INSTRUCTIONS FOR THE TASK :: Take the lines below between the one holding "- priestranná chodba: bezpečnostné" and the one holding "y Juan Rodríguez.", inclusive, and copy them exactly. Add nothing.

[Saved entries]
■ ■ ■
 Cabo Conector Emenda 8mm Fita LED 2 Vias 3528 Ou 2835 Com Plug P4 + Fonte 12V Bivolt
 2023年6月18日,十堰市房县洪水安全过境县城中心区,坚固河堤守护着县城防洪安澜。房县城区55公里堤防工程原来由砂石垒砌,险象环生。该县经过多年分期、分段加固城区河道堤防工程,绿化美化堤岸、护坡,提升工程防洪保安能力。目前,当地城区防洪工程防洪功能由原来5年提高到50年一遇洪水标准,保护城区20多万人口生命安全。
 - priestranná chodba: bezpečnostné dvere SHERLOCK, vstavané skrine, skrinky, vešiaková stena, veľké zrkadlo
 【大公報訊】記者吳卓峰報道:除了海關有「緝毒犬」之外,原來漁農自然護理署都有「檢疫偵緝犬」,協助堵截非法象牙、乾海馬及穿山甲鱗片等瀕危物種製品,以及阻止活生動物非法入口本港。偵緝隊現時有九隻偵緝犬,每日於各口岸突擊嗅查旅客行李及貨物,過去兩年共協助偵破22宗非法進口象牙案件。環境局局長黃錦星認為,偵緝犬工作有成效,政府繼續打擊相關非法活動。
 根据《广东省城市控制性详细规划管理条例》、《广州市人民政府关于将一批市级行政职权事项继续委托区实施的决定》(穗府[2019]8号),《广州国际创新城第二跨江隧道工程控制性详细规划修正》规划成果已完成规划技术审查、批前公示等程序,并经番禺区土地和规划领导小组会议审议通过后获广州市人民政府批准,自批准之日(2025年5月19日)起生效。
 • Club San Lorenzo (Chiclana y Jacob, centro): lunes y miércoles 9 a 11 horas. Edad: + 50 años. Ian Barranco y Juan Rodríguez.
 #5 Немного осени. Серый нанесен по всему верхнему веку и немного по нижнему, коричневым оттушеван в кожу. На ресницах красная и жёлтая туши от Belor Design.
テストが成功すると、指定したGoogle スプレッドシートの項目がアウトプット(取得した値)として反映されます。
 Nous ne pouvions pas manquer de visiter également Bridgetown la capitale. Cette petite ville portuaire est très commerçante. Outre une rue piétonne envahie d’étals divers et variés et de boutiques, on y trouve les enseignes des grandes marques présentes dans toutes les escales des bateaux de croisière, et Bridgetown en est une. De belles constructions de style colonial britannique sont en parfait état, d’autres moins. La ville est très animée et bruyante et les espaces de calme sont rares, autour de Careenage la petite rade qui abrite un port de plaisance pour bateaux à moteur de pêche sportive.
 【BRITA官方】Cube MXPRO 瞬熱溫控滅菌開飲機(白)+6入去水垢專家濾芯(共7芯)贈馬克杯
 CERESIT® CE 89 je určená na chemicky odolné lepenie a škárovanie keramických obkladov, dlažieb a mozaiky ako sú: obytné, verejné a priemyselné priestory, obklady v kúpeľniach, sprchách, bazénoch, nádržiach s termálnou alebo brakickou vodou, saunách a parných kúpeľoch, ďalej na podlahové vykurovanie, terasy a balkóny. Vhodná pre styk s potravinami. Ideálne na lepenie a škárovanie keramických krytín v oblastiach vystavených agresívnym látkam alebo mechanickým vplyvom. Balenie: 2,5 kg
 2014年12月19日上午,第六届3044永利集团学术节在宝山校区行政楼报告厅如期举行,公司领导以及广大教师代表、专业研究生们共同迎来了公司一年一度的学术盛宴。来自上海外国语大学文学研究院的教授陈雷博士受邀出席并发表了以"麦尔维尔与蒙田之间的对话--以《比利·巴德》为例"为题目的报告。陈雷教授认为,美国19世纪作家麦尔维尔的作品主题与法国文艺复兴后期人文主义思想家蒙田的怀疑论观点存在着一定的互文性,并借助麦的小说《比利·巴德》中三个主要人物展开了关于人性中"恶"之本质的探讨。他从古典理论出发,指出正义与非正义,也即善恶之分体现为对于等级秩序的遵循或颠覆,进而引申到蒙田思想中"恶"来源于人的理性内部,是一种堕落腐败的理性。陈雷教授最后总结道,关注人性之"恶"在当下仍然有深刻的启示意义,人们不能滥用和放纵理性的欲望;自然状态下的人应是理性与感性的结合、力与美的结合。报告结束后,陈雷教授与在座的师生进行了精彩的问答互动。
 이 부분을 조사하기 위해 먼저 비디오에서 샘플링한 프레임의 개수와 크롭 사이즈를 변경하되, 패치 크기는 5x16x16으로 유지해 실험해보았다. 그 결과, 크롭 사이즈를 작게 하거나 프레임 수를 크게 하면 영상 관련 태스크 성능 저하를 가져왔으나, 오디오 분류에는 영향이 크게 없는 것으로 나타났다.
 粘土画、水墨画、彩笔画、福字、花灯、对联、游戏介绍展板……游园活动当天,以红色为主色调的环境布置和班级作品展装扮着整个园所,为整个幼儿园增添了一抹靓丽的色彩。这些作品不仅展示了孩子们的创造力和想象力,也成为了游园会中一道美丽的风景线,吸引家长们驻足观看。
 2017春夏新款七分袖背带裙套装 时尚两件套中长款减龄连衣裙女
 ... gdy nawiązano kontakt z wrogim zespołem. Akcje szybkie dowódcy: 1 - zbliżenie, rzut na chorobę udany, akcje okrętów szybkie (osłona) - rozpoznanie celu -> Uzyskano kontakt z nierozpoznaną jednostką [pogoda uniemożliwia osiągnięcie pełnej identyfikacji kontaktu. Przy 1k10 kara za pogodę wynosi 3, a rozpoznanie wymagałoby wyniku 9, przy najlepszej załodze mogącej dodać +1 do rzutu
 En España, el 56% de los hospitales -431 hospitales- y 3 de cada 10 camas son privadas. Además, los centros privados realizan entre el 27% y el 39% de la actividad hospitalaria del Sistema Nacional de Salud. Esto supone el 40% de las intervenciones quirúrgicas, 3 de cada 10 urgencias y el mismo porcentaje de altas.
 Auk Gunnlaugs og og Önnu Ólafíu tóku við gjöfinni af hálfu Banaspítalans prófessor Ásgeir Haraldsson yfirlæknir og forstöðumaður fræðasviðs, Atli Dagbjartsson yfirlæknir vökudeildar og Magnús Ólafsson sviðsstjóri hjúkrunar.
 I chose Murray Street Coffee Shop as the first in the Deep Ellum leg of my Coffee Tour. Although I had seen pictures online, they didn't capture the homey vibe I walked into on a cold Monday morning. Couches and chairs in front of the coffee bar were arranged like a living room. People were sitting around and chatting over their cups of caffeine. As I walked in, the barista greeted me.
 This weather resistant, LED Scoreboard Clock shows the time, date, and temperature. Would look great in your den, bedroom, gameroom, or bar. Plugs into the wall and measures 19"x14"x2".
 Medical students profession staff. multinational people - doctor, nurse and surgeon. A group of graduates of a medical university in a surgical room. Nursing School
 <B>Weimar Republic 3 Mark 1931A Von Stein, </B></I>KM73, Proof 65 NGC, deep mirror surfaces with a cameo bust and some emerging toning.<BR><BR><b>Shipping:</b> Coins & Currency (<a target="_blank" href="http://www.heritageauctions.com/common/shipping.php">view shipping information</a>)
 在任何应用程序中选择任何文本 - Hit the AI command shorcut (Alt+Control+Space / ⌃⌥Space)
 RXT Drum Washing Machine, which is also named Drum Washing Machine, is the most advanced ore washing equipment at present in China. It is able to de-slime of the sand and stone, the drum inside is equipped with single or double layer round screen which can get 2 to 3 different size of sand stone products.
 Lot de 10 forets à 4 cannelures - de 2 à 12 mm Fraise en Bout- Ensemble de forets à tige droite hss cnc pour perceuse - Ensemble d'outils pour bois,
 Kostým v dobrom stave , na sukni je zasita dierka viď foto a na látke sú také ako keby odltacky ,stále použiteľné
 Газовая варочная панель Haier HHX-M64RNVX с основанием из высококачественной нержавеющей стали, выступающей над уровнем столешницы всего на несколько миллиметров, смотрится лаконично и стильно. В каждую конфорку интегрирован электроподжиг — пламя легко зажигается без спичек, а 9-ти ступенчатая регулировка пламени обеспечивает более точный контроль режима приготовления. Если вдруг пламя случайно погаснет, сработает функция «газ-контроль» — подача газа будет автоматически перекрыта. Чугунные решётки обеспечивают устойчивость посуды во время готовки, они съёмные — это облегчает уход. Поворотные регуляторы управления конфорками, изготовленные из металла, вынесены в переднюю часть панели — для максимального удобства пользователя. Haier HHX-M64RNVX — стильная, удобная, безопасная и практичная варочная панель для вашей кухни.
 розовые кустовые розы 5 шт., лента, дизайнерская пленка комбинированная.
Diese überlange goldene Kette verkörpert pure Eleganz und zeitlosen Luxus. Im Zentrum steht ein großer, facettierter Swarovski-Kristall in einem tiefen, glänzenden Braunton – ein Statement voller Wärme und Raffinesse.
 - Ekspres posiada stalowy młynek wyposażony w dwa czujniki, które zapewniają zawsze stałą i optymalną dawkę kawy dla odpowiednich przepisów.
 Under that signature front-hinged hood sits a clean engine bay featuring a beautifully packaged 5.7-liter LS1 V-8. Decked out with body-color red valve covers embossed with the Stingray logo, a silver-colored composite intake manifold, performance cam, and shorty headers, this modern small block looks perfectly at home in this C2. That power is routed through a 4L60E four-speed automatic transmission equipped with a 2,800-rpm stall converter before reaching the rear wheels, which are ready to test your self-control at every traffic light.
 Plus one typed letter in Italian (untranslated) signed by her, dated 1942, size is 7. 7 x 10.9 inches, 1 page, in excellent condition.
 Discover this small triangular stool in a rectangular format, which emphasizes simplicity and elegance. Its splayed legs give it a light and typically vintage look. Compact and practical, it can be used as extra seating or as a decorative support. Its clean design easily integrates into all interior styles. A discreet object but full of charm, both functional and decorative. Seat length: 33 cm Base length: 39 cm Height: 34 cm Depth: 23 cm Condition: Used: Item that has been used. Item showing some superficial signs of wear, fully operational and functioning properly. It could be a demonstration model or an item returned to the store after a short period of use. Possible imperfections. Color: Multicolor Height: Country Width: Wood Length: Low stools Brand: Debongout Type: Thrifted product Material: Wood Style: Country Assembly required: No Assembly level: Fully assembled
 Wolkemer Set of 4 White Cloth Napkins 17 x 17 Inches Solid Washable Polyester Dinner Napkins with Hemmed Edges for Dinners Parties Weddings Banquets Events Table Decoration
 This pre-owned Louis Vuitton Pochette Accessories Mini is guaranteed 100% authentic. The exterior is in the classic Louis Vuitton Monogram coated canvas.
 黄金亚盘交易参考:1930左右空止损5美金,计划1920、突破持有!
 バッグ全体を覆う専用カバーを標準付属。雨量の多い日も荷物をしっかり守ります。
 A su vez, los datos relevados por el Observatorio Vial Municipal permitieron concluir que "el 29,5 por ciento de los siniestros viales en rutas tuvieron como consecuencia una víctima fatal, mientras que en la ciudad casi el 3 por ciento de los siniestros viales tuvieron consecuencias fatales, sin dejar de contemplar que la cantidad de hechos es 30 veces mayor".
■ ■ ■
EXERCISE RESPONSE ::
 - priestranná chodba: bezpečnostné dvere SHERLOCK, vstavané skrine, skrinky, vešiaková stena, veľké zrkadlo
 【大公報訊】記者吳卓峰報道:除了海關有「緝毒犬」之外,原來漁農自然護理署都有「檢疫偵緝犬」,協助堵截非法象牙、乾海馬及穿山甲鱗片等瀕危物種製品,以及阻止活生動物非法入口本港。偵緝隊現時有九隻偵緝犬,每日於各口岸突擊嗅查旅客行李及貨物,過去兩年共協助偵破22宗非法進口象牙案件。環境局局長黃錦星認為,偵緝犬工作有成效,政府繼續打擊相關非法活動。
 根据《广东省城市控制性详细规划管理条例》、《广州市人民政府关于将一批市级行政职权事项继续委托区实施的决定》(穗府[2019]8号),《广州国际创新城第二跨江隧道工程控制性详细规划修正》规划成果已完成规划技术审查、批前公示等程序,并经番禺区土地和规划领导小组会议审议通过后获广州市人民政府批准,自批准之日(2025年5月19日)起生效。
 • Club San Lorenzo (Chiclana y Jacob, centro): lunes y miércoles 9 a 11 horas. Edad: + 50 años. Ian Barranco y Juan Rodríguez.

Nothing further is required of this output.